Task statement —
Exactly copy the final stretch of the listing below: the line with "God made a plan" and every line after it.

[Data block Boundary: Start]

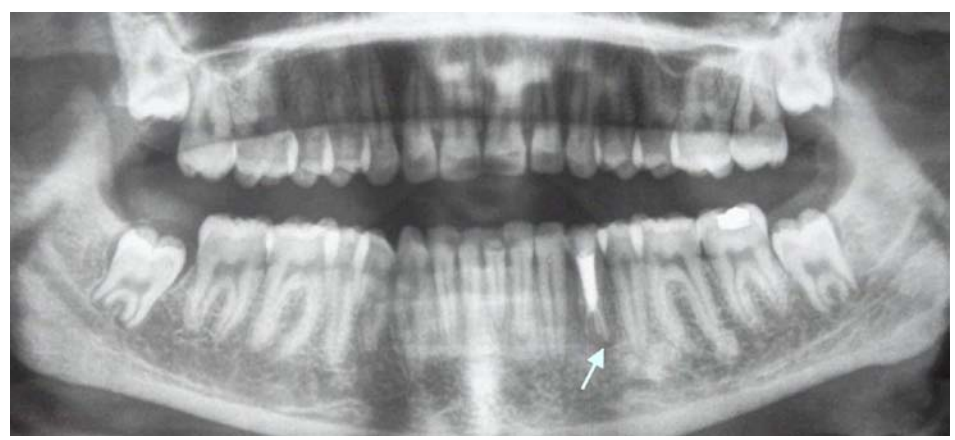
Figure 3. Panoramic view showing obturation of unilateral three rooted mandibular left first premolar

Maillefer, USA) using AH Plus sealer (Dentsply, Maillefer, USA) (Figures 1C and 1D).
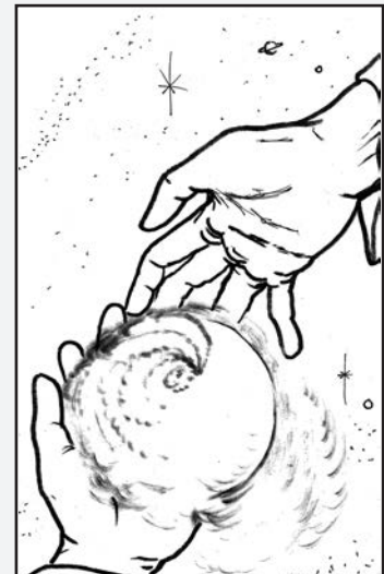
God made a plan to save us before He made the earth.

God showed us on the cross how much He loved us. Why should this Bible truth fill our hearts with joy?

[Data block Boundary: End]

Answer section —
God made a plan to save us before He made the earth.

God showed us on the cross how much He loved us. Why should this Bible truth fill our hearts with joy?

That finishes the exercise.